I learned that even the best of Intentions can be smeared a bit with the desire for power, Power.
Now.
I have no desire to fight this out with anyone because it is not a fighting matter, it is not an issue of anyone getting upset with what I have to say, and me defending anything. It is an experience that can be recounted and retold and I am doing that. Because it has a lot of Good in it, to do so.
At the Intensive seminar, which lasts for two days and three evenings, and has much in common with Landmark Forum seminars (which are also something valuable), I played the game like everyone else. Those who didn't wish to play were welcomed to leave and some certainly did and yes, it dwindled. I heard a lot of stories about the positive changes in people.
I wasn't one of them, not for a long, long time. In fact, I suffered a great deal afterwards from feelings of extreme failure and self-disappointment because I Could Not, or as I'm sure many would say, I Chose, not to continue with these people, that being T Harv Eker and Peak Potentials .. I did that, I did Warrior Camp, and it was just one fr*gg*ng ordeal after another for days. I got so sick, I became extremely dehydrated and it was puking before the firewalk, honey, out in the field and crouching down so my head would maybe, Maybe stop feeling like it would explode for one moment, please God.
And that was the end of the camps, I was done with the threat of outhouses that overflowed and feeling like you were constantly in prison having to do this and that, honey, like it or not you're not a warrior if you're not Doing it.
Now.
That was it, for me. I am a woman and a strong woman and I don't need anyone else shoving that sh*t down my throat, I have been throught fricking childbirth three times, honey, count 'em Three and they were experiences that would rock the boat of any man. Hah. I have been a single mother and raised a child who's really successful in life, and happy and active, without financial help from anybody, including his irresponsible physician father who now lives in Italy to escape detention in the U.S.

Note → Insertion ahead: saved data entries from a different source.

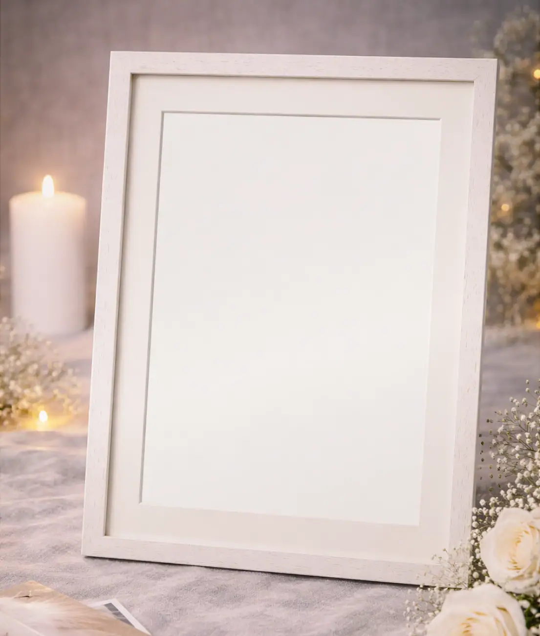 Bilderrahmen 30×40 cm aus Holz weiß lasiert. Für das schönste Foto Ihrer Liebsten auf der Trauerfeier oder für zuhause. Mit unserem Fotodruck fertig gedruckt und perfekt eingerahmt. Auf Anfrage erhältlich:
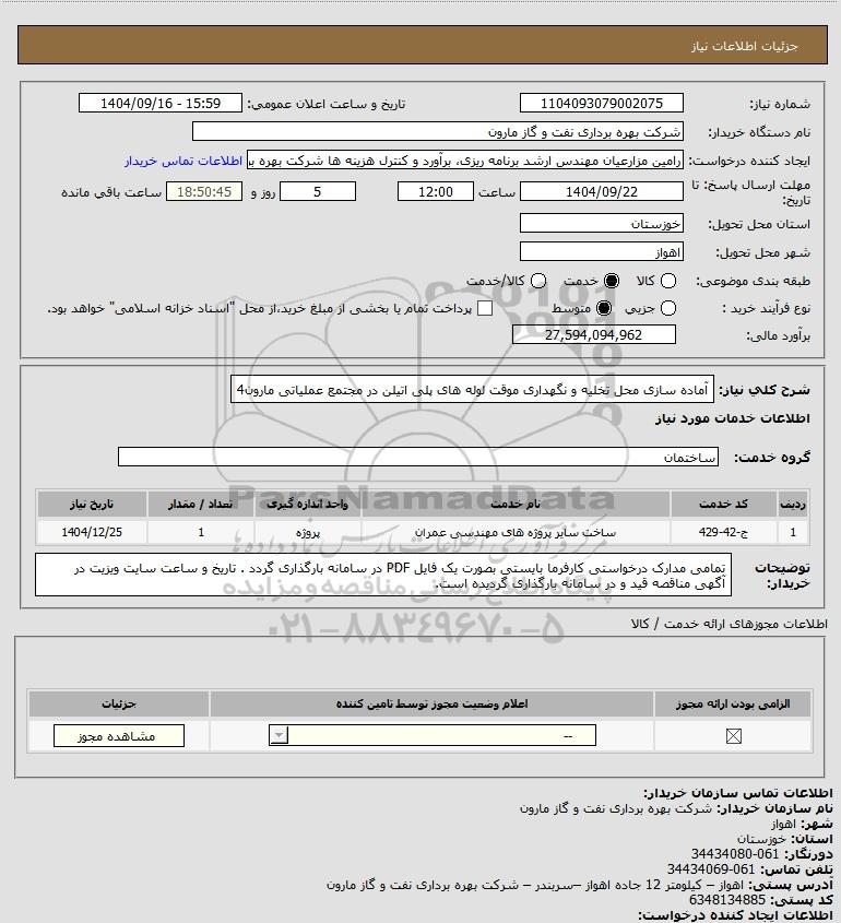 شرح کلی نیاز: آماده سازی محل تخلیه و نگهداری موقت لوله های پلی اتیلن در مجتمع عملیاتی مارون4
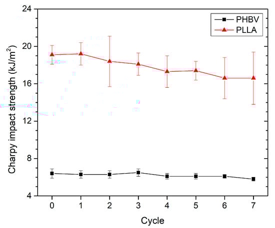 PLLA and PHBV Charpy impact strength as a function of recycled cycle.
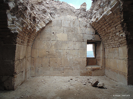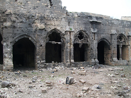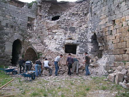The Directorate General of Antiquities and Museums (DGAM) gave account of consolidation works at the Crac des Chevaliers and other sites during this year. They comprised structural measures at the so-called "Hall of the Knights", cleaning of its façades, and the re-alignment and re-positioning of stones there. However, a comprehensive restoration effort would be necessary to safeguard this UNESCO World Heritage Site. Further consolidation works were carried out at the citadel of Damascus, the citadels of Maḥālba, and the citadel of al-Ḫawābī.
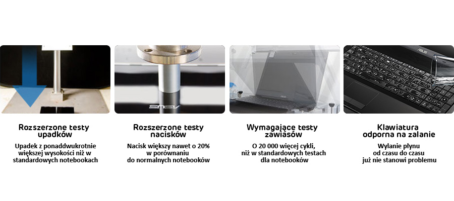 Notebooki z serii ASUSPRO B oferują zwiększoną ochronę dysków twardych dzięki absorbującej wstrząsy poduszce opracowanej z myślą o ochronie dysku przed wstrząsami podczas transportu. Dodatkowo, dyski twarde posiadają mechanizmy ochronne, na które składa się G-sensor i oprogramowanie, które aktywnie chroni przed mającymi nastąpić upadkami, zabezpieczając dane. Wbudowany, trójwymiarowy, cyfrowy przyspieszeniomierz posiada trzy tryby: wyłączony, normalna czułość oraz wysoka czułość. Ostatnia opcja jest ustawiona domyślnie i wykrywanie upadków jest zawsze aktywne..

So, I couldn't do anymore of this stuff. But I had a program to go through with a coach, because I signed up for the whole package, honey.
And I learned that you have to be really careful who your gurus are.
I couldn't do it anymore, after nine months we essentially both threw up our hands in disgust at each other, that is, my coach and I. And I ended up suicidal during the time I was under his coaching. And that's okay, because I came through it.
I did. And now I'm reaching huge levels of potential, that i never thought I had before.
Now, I signed over my package, this Platinum Package with all these other camps to go to, to my ex-husband.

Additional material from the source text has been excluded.